__RECORDS FOR THIS EXERCISE__.
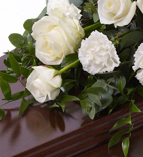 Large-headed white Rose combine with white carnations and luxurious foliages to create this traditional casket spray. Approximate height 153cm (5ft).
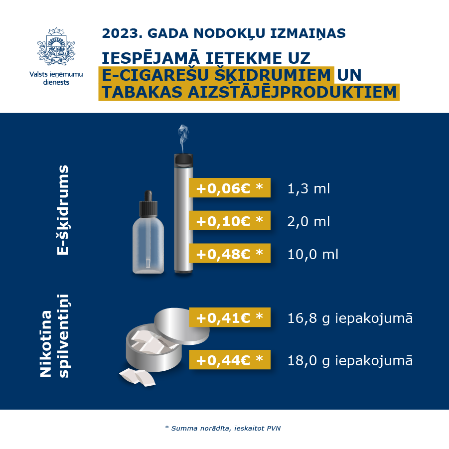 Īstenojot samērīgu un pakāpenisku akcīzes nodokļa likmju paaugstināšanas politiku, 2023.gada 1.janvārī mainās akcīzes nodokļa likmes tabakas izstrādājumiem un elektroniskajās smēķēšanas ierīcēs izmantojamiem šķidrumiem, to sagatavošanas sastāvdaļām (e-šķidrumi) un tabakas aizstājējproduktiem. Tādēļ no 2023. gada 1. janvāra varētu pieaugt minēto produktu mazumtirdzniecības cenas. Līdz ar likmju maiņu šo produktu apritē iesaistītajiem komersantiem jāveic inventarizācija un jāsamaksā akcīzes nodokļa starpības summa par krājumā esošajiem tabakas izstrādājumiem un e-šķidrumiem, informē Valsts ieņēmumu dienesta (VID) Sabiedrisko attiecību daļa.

---

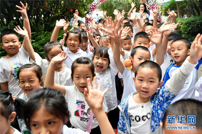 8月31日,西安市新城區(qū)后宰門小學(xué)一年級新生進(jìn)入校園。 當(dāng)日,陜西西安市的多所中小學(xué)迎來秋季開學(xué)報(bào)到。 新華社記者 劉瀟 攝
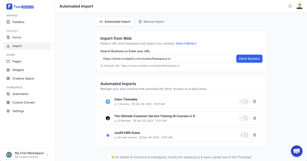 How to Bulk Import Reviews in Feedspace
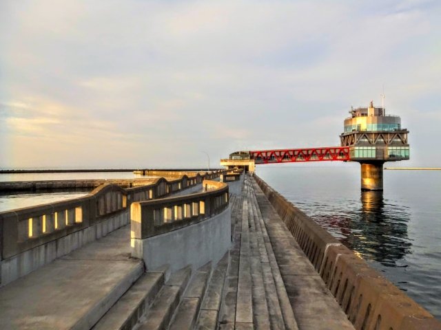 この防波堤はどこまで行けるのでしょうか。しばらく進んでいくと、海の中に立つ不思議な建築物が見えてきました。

__EXERCISE DESCRIPTION__. Nothing but the lines above from the one that has "How to Bulk Import Reviews in Feedspace" down to the one that has "この防波堤はどこまで行けるの" belongs in the answer, copied exactly, without pictures.

__TASK RESPONSE__.
 How to Bulk Import Reviews in Feedspace
 この防波堤はどこまで行けるのでしょうか。しばらく進んでいくと、海の中に立つ不思議な建築物が見えてきました。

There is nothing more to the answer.